> _DIRECTIONS_
Lines from the listing that hold the string "Susan" are what you should return.

> _RECORDED DATA_
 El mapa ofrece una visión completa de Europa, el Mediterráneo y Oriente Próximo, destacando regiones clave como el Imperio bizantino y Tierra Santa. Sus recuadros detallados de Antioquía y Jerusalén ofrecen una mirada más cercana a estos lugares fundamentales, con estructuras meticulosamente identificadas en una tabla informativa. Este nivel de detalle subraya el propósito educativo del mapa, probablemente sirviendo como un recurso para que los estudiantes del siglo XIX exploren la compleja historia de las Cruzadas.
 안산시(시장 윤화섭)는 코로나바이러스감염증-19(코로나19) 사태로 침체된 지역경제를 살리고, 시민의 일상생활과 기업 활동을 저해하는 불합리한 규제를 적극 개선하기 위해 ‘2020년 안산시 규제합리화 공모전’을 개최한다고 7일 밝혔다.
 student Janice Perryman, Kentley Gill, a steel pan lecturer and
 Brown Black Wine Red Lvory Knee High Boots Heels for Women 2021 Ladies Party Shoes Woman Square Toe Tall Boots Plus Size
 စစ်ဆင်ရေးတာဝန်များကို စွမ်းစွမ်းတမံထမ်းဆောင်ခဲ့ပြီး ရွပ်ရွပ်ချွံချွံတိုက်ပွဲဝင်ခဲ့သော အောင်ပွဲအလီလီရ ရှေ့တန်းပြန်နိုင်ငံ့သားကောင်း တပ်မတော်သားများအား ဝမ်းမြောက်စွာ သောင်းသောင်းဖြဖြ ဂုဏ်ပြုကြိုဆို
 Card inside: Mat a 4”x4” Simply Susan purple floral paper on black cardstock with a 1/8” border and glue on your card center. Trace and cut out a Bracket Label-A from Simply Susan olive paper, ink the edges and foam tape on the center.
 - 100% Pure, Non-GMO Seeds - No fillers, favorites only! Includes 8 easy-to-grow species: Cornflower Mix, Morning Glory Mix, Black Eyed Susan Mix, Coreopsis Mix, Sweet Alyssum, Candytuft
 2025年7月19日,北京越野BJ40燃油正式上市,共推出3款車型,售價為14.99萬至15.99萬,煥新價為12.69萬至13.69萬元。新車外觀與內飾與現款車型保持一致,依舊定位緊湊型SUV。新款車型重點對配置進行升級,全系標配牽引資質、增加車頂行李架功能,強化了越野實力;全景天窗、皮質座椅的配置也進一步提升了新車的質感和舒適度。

> _SOLUTION FOR THIS PROBLEM_
 Card inside: Mat a 4”x4” Simply Susan purple floral paper on black cardstock with a 1/8” border and glue on your card center. Trace and cut out a Bracket Label-A from Simply Susan olive paper, ink the edges and foam tape on the center.
 - 100% Pure, Non-GMO Seeds - No fillers, favorites only! Includes 8 easy-to-grow species: Cornflower Mix, Morning Glory Mix, Black Eyed Susan Mix, Coreopsis Mix, Sweet Alyssum, Candytuft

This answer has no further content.